Symptoms of complete spinal cord injury classically occur 6–8 weeks after acute spinal cord injury (spinal shock) and include spastic paralysis, hyperreflexia, and presence of pathological reflexes (e.g., plantar reflex) below the site of injury.

If spinal injury is suspected (e.g., previous trauma to the neck or back), the patient's spine should be stabilized and the patient should be moved with extreme caution to avoid further damage to the spine!

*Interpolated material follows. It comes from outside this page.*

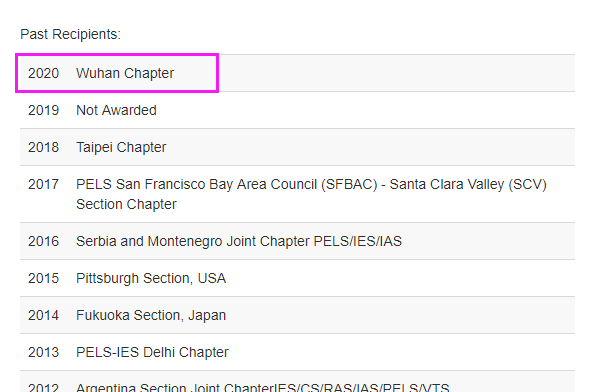IEEE是国际上最大的学术组织之一,涵盖电气与电子工程的各个领域。IEEE设有多个专业分会,PELS是IEEE下最大的专业分会之一,也是电力电子领域最重要的国际学术组织。IEEE PELS在全球有170多个地区分会,其中在中国大陆一共有六个地区分会。地区分会是IEEE PELS在各个地区的分支机构,负责当地的会员组织和学术活动。每年IEEE PELS会评选不超过1个最佳地区分会,作为对于该年度表现优异的分会的奖励。历届最佳分会公布在IEEE PELS的主页上。武汉分会是2020年获奖的地区分会。

A complete spinal cord injury above C4 represents a life-threatening situation due to the risk of diaphragmatic paralysis.

References:^[1][3]

• Description
  • A clinical syndrome involving a sudden onset of excessively high blood pressure caused by an imbalanced autonomic reflex response
  • Considered a medical emergency
• Etiology: autonomic hyperreflexia develops in individuals with spinal cord injury who are exposed to stimuli affecting the body below the level of injury ^[4]
  • Spinal cord injury
    • Usually at the level of T6 or higher
    • Causes predisposition for episodes of life-threatening autonomic dysfunction
  • Episode provoking stimulus: can initiate a cascade of imbalanced autonomic reflexes and is located below the level of the lesion
    • Cutaneous (e.g., skin infection, traumatic injury, pressure ulcer)
    • Visceral
      • Bladder (e.g., distended bladder, UTI)
      • Genital (e.g., childbirth, sexual intercourse)
      • Intestinal (e.g., bowel obstruction, constipation)
• Pathophysiology ^[4]
  • Development of the predisposition: damage to descending spinal cord fibers → loss of modulating signaling from the brain → lack of inhibition of spinal cord reflexes → excessive sympathetic reflex response to stimuli below the lesion → life-threatening overactivation of the autonomic nervous system (sympathetic and parasympathetic)
  • Development of a hypertensive emergency: stimulus (below the lesion) → uninhibited sympathetic activation → hypertension (through vasoconstriction and tachycardia) → parasympathetic activation (by carotid sinus baroreceptor) → vasodilation in the area above the lesion; and decrease in heart rate → bradycardia, heart block, and hypertensive emergency
• Clinical features ^[5]
  • Hypertension
  • Throbbing headache
  • Diaphoresis
  • Dilated pupils
  • Guttmann sign: a clinical feature in high spinal cord lesions that manifests with nasal congestion due to sympathetic overactivity
    • Caused by facial vasodilation
    • Often accompanied by flushing, sweating, piloerection, mydriasis, hypertension, and bradycardia
  • Flushing (above the lesion)
  • Paleness (below the lesion)
  • Bradycardia (and AV block) or tachycardia
  • Anxiety
• Management ^[4]
  • Prevention of hypertensive episodes
    • Bladder voiding
      • Monitor urinary output
      • Assess urine retention (e.g., with bedside ultrasound)
      • Provide urinary catheter care (e.g., regular catheterization, examination for signs of infection, application of local anesthetics with catheter insertion)
    • Bowel movement
      • Monitor frequency of defecation
      • Assess for distension, bowel sounds, and masses
      • Release stool impaction (e.g., enema, manual disimpaction)
    • Skin protection
      • Regular skin assessment
      • Frequent position changes
      • Avoid localized pressure (e.g., from clothing or bedding)
  • Detection and treatment of hypertensive episodes
    • Regular assessment for clinical features
    • Monitor blood pressure
    • Position patient in 90° upper body elevation
    • Investigate and eliminate responsible stimulus
    • Antihypertensive treatment (e.g., nitroprusside, nifedipine)
• Complications ^[6]
  • Intracerebral hemorrhage
  • Seizures
  • Death

Autonomic dysreflexia is a medical emergency!

Patients with spinal cord injuries at T6 or above are at the highest risk for autonomic dysreflexia.

The most common stimuli for autonomic dysreflexia are bladder irritation (e.g., distended bladder, UTI), bowel irritation (bowel obstruction, constipation), and breakdown of skin (e.g., cutaneous lesions).